SoftwarePalo AltoFull-TimePosted 1 week ago

About the role

At Rhoda AI, we’re building the next generation of generalist intelligent robots. We own the full robotics stack from high-performance hardware and robot systems to the infrastructure and state-of-the-art foundation world models that control our robots. Our robots are designed to be generalists capable of operating in complex, real-world environments and handling long-tail edge cases, made possible by our cutting edge research and end-to-end system design. We've raised over $400M and are investing aggressively in model research, infrastructure, hardware development, and manufacturing scale-up to make generalist robotics a reality.

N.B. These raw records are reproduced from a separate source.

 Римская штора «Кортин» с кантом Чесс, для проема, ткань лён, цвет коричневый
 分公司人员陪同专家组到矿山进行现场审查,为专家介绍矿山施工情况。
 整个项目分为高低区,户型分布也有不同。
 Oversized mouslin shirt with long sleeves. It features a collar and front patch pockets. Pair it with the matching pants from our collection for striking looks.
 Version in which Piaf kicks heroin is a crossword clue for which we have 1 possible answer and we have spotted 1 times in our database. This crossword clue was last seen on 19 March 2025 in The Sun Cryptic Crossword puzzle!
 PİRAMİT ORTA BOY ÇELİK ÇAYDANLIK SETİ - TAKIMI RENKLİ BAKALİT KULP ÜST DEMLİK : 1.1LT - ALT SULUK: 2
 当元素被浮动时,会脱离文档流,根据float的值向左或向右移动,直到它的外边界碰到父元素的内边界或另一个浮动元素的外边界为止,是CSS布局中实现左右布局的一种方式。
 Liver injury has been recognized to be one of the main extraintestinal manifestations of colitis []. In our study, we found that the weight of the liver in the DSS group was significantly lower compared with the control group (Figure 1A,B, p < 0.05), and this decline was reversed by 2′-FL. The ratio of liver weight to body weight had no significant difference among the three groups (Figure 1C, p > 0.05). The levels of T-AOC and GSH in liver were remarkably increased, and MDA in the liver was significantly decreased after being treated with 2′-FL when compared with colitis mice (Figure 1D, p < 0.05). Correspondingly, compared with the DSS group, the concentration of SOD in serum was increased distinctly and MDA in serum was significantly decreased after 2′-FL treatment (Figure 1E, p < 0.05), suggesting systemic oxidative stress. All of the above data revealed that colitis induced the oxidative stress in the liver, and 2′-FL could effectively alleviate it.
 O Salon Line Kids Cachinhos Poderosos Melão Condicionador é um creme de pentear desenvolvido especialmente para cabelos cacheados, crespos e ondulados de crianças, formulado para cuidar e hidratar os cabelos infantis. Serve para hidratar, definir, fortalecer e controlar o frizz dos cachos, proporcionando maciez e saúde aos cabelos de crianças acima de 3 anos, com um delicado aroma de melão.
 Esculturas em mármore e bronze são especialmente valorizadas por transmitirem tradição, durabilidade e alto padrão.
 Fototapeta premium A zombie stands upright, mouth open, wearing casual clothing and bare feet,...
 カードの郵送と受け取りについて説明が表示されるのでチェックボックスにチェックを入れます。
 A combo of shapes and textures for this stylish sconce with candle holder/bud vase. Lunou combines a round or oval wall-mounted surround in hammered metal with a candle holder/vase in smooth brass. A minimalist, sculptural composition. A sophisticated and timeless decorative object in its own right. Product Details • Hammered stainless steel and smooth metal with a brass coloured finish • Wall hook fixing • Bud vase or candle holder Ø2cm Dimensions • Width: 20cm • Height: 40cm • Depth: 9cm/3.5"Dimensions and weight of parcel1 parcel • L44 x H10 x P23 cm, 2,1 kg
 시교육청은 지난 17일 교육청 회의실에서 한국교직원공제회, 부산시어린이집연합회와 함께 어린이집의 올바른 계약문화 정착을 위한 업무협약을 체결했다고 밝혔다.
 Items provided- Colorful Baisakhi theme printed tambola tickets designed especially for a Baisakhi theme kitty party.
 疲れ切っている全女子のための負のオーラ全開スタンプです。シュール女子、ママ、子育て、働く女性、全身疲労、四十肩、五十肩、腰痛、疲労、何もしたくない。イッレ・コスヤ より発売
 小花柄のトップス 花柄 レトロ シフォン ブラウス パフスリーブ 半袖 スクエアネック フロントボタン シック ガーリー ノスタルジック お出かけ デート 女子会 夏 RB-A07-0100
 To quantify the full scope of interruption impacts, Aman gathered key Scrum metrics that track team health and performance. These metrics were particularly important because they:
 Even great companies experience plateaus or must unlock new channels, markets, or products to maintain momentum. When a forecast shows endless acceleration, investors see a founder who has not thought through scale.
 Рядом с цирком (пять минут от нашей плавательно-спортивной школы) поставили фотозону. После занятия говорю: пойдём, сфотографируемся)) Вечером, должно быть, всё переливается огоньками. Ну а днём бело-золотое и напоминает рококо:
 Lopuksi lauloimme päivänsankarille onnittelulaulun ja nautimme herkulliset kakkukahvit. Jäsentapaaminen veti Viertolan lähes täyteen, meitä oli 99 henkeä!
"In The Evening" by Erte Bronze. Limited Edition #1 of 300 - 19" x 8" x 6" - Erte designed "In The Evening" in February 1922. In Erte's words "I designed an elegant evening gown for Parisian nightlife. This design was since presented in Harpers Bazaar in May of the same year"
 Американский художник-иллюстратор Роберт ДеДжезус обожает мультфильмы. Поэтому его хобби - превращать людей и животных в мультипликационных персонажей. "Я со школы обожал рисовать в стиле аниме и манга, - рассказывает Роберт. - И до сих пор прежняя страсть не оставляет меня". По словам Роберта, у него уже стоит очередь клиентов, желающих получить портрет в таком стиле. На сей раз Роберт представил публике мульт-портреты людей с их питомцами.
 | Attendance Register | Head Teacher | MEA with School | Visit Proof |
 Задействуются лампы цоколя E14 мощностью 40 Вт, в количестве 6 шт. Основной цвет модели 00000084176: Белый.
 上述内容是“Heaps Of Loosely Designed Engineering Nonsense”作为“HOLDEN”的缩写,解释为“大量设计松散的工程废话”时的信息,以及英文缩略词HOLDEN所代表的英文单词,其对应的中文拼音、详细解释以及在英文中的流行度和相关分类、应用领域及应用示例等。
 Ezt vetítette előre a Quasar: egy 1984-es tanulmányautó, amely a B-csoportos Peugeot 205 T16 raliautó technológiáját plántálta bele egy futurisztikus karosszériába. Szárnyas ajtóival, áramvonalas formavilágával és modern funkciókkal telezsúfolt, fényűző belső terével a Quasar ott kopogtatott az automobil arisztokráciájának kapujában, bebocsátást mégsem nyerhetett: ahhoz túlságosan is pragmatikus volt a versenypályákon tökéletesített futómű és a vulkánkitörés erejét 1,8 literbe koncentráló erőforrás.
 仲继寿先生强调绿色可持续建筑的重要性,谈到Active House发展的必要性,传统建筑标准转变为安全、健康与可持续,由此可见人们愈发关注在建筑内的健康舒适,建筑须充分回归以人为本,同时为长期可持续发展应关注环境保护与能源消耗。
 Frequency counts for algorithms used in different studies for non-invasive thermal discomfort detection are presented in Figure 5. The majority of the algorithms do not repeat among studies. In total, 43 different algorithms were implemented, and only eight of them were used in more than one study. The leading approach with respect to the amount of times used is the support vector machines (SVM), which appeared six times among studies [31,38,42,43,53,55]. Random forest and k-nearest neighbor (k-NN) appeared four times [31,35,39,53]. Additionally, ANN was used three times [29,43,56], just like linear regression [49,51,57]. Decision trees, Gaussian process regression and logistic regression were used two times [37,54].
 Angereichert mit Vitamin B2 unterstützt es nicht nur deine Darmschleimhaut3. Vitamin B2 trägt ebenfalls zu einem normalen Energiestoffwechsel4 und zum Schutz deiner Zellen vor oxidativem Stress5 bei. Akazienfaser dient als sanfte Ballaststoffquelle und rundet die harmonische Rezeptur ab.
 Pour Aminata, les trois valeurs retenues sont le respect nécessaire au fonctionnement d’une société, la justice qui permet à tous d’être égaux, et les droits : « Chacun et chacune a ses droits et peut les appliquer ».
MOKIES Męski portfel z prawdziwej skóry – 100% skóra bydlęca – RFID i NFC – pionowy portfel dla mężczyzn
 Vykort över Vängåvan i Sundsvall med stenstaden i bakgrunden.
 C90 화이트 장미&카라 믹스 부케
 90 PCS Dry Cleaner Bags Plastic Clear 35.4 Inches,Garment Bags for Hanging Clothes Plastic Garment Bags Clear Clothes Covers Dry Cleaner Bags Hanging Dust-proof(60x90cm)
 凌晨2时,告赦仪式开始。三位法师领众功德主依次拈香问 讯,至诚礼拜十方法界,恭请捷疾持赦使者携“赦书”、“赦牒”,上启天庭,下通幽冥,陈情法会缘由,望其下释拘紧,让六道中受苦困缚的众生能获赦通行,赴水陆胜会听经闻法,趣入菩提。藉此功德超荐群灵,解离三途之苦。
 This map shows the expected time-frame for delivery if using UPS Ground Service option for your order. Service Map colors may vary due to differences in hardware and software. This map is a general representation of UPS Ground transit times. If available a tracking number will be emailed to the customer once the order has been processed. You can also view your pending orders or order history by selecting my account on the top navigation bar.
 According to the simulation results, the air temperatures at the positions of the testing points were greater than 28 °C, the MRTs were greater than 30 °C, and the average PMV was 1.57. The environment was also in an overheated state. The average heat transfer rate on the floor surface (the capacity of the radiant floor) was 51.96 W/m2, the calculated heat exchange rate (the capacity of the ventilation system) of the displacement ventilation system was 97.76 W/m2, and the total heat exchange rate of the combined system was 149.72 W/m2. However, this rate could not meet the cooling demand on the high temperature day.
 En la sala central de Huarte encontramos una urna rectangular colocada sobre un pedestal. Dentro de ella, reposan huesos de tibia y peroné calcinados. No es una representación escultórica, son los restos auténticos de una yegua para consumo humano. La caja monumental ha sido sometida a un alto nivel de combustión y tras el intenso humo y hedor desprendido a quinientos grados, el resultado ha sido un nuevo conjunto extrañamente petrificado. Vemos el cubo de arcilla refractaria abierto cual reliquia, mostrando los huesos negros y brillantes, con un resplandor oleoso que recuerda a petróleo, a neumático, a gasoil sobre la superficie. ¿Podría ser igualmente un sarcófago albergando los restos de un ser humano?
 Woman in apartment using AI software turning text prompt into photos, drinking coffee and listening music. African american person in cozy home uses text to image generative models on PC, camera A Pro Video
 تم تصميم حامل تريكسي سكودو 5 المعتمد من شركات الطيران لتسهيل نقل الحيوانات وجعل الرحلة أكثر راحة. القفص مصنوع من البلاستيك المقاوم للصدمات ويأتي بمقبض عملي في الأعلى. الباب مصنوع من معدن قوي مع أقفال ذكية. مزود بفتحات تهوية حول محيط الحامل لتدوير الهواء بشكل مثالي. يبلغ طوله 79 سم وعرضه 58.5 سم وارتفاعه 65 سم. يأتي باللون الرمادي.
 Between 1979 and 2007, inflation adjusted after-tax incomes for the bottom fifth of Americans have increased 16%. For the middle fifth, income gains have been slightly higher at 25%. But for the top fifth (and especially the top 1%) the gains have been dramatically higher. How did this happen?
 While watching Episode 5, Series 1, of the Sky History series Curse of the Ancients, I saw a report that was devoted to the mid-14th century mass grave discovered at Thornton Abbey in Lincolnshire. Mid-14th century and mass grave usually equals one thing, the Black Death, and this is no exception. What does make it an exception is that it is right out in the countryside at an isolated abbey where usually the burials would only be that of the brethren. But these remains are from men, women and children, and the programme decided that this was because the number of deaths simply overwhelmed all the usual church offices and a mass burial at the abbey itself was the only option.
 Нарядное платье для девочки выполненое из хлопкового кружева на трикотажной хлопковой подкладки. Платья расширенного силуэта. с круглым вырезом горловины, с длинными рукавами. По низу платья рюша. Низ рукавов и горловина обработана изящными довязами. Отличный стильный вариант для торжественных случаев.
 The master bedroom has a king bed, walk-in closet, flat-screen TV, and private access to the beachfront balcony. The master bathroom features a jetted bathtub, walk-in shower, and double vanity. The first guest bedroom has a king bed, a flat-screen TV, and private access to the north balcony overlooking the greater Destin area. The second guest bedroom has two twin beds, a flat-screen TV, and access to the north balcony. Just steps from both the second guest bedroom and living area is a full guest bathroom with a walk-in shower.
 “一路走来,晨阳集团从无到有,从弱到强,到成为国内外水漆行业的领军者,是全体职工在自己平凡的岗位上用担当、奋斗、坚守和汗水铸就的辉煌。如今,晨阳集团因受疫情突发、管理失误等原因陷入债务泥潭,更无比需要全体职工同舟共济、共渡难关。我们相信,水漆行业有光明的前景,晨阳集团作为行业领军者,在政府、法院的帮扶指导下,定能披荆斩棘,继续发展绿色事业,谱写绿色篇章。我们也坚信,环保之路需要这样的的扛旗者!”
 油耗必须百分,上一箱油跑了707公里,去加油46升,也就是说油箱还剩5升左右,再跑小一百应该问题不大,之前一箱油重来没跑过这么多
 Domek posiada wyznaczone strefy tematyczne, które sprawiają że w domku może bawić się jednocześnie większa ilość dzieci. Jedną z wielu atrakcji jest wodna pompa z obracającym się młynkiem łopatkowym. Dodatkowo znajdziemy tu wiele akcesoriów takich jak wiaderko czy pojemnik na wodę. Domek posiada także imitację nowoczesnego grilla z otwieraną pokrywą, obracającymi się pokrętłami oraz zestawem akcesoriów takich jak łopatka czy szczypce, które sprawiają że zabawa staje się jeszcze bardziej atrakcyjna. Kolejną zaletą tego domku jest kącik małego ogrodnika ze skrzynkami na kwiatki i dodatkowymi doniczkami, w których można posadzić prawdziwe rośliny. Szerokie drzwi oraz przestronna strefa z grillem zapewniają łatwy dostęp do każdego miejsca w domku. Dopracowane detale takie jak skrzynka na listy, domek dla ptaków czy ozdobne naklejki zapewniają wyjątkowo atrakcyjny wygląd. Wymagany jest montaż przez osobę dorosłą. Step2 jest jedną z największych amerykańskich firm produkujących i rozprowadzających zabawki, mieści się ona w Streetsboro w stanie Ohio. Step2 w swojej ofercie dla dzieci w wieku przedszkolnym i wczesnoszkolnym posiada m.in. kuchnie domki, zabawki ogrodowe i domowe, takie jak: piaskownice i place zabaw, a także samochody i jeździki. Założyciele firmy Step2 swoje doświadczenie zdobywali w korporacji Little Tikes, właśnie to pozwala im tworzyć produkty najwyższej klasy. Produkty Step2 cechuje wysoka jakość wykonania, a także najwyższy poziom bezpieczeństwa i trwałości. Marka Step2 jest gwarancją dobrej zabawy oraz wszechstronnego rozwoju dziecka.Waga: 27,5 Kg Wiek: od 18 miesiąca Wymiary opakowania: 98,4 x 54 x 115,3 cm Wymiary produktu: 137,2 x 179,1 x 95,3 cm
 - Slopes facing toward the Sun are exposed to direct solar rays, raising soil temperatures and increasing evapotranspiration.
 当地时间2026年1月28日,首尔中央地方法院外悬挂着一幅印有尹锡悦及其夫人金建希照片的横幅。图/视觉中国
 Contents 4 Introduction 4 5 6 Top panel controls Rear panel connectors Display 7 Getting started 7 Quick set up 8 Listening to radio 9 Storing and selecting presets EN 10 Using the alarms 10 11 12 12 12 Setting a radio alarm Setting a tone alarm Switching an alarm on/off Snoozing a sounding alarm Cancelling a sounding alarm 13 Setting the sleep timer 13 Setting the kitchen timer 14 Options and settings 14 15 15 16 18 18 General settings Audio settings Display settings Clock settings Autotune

We're looking for a Robot Systems QA Engineer to own the quality and reliability bar across our entire robotics platform — not just the robot itself, but the full system it operates within. You'll design and execute the validation frameworks, benchmarking pipelines, and reliability testing programs that determine whether our systems are truly ready for real-world deployment.

What You'll Do

  • Design and own end-to-end system validation frameworks that span the full platform — robot hardware and software, cloud infrastructure, networking and communication systems, data pipelines, and operational tooling

  • Collaborate closely with system engineering and the product team to derive test cases and success criteria from high-level requirements

  • Define and track reliability KPIs and deployment readiness criteria across all system components — establishing clear, measurable thresholds that gate production releases

  • Build and maintain benchmarking pipelines that systematically evaluate system performance across key dimensions: uptime, latency, throughput, fault recovery, and end-to-end task success rates

  • Design and execute stress testing, failure mode analysis, and fault injection programs to identify reliability risks before they surface in deployment

  • Investigate and root-cause system-level failures — spanning software, hardware, networking, and infrastructure boundaries — and drive corrective actions and regression tests to prevent recurrence

  • Collaborate closely with robotics, infrastructure, and ML teams to embed quality and testability into system design from the ground up

What We're Looking For

  • 4+ years of experience in systems QA, reliability engineering, or a closely related field

  • Strong systems thinking — ability to reason about reliability and failure modes across complex, multi-component systems

  • Experience defining and tracking reliability KPIs, SLOs, and deployment readiness criteria for production systems

  • Hands-on experience designing and executing benchmarking, stress testing, and failure mode analysis programs

  • Strong debugging and root-cause analysis skills across software, hardware, and system boundaries

  • Proficiency in Python and/or C++ for test automation and tooling

  • Effective communication skills — able to synthesize system health signal and communicate release readiness clearly across engineering and leadership

Nice to Have (But Not Required)

  • Experience with hardware-in-the-loop testing or validation of physical systems

  • Familiarity with robotics software stacks, perception systems, or control systems

  • Background in reliability engineering, FMEA, or safety-critical systems validation

  • Experience with observability and monitoring infrastructure (e.g., Prometheus, Grafana, or similar)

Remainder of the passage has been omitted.